In Gran Bretagna prevale invece l’aspetto dell’innovazione e della creatività legato alla diversità. Nel giorno dell‘intervista rilasciata a Carta di Roma presso la sede londinese di Channel 4, gli uffici erano in festa per il prestigioso premio della British Academy Film Awards appena guadagnato dal film “Twelve years a slave“, co-prodotto dall’emittente. Come sappiamo, il film ha poi vinto l’Oscar come miglior film, riscuotendo anche un grande successo di pubblico. I dirigenti di Channel 4 rivendicavano giustamente con orgoglio il fatto di aver contribuito a sostenere la crescita artistica del regista e visual artist Steve McQueen.
«Nei paesi compresi nell’indagine sono i media del servizio pubblico a portare per primi la responsabilità per l’attuazione di politiche per la promozione della diversità, in quanto rientra nel loro mandato di rafforzare la coesione sociale. Le politiche di promozione della diversità sono viste come strumenti per rafforzare la credibilità del servizio pubblico e guadagnarsi la fiducia di tutti i componenti della comunità nazionale», afferma nella prefazione Tana De Zulueta, coordinatrice scientifica dell’indagine.
E in Italia? Le interviste realizzate a Rai, Mediaset, Gruppo Espresso e Rcs rivelano una situazione caratterizzata da una scarsa conoscenza del dibattito sulla diversità tra i media europei oltre che da alcune ingessature di carattere culturale. Nel nostro paese permane un’ottica assistenziale e meramente filantropica che soffoca l’ambito della diversità come motore di sviluppo. La diversità deve essere innovazione per le emittenti e i gruppi editoriali sia pubblici che privati, come sottolinea bene la European Broadcasting Union. Nel rapporto del network dei media di servizio pubblico dei 56 paesi che aderiscono alla EBU, Vision 2020, si sottolinea più volte il contributo in termini di creatività e innovazione che politiche per la diversità possono svolgere all’interno dei servizi pubblici radio televisivi.
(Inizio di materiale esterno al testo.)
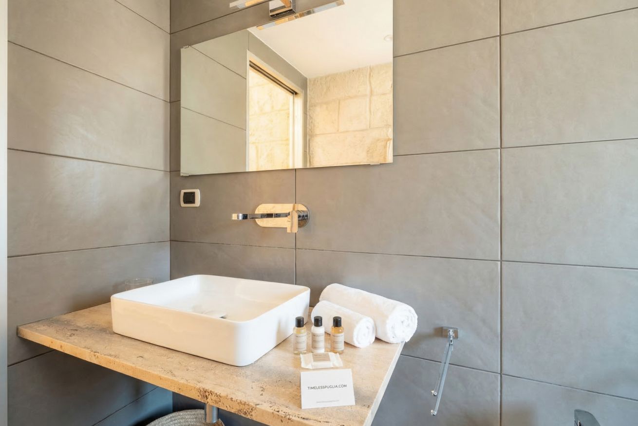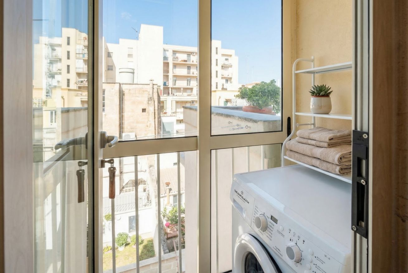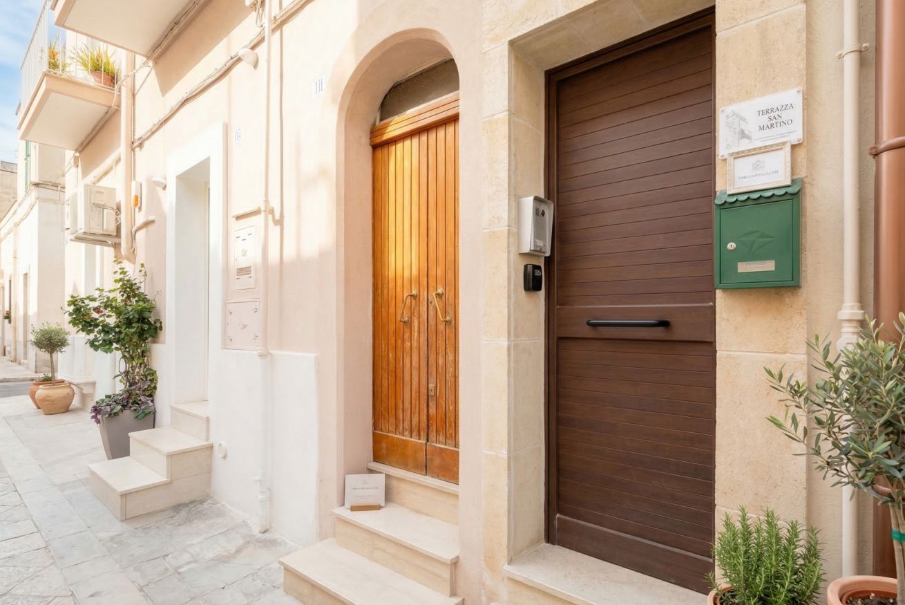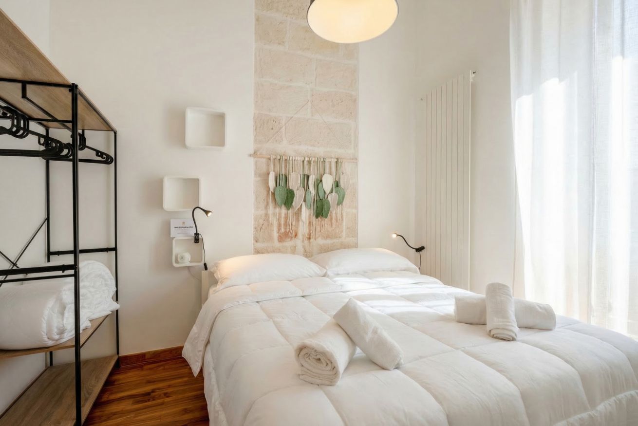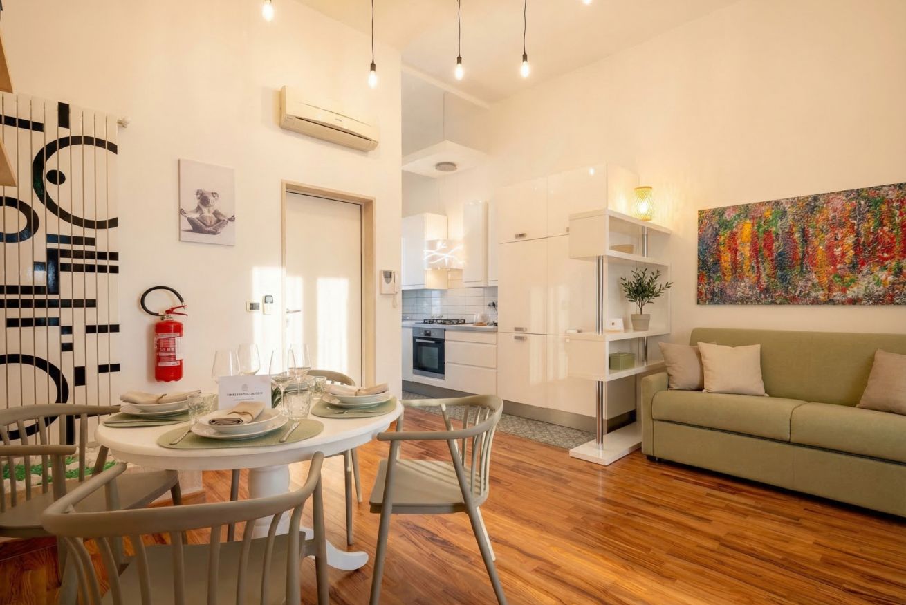 Experience the quintessential charm of Monopoli at Terrazza San Martino, an elegant one-bedroom apartment that perfectly captures the spirit of Puglia. Located on the first floor of a traditional building, this property serves as a sophisticated urban retreat designed for guests who appreciate thoughtful aesthetics and comfort. Upon entering, you are welcomed by an atmosphere of refined warmth, where historic exposed limestone walls meet sleek, modern high-gloss finishes and rich wooden flooring. The heart of the home is the open-plan living and dining area, featuring a sage green sofa bed and a round dining table that seats four, making it an ideal space to unwind after a day of exploration. The fully equipped modern kitchen, complete with a commercial-style faucet and artisanal patterned tile flooring, provides everything needed to prepare fresh Mediterranean meals. The bedroom is a tranquil oasis, highlighting a natural stone wall and soft, inviting linens, ensuring a peaceful night's rest. The bathroom is a true highlight of the home, boasting contemporary luxury through its blend of oversized matte grey tiles and authentic rustic stone, complete with a soothing bathtub-shower combination. The crown jewel of this residence is undoubtedly the expansive rooftop terrace. Shaded by a rustic bamboo pergola, this private outdoor sanctuary offers panoramic views of the city skyline, making it the perfect setting for morning coffee or sunset dinners under the stars. Adorned with vibrant flowering planter boxes and chic outdoor furniture, the terrace invites you to relax in the sun on provided loungers or enjoy al fresco dining in the crisp sea air. Every detail, from the vibrant abstract art to the carefully curated decor, has been chosen to provide a memorable stay. Whether you are walking through the narrow, picturesque streets of Monopoli or enjoying a quiet evening on your private terrace, this property offers a seamless blend of convenience and luxury

Le segmentazioni dei pubblici di riferimento sono trattate come questioni sensibili anche dal punto di vista economico e per le indagini utili alla raccolta pubblicitaria e al gradimento di programmi e prodotti editoriali.
Dal sondaggio della Fondazione Leone Moressa sul consumo e gradimento della Tv italiana da parte degli immigrati emerge che uno su quattro cerca i programmi d’informazione e che guardano più Mediaset che la Rai.
Il presidente dell’Associazione Carta di Roma, Giovanni Maria Bellu, nell’introduzione del libro ricorda attraverso le parole di Igiaba Scego il senso dell’indagine: «Non c’è solo l’esigenza di attuazione del codice deontologico (quindi l’uso delle parole corrette, di una titolazione che rispetti il prossimo ecc), ma anche l’esigenza di far capire a chi fa informazione che l’Italia ha ormai cambiato pelle e che, piaccia o no, lo Stivale ormai è meticcio».
Ecco, il libro vuole essere un utile contributo per “far capire” e sollecitare i media italiani, in primis la Rai, a prendere in considerazione gli spunti, gli esempi europei e le raccomandazioni finali.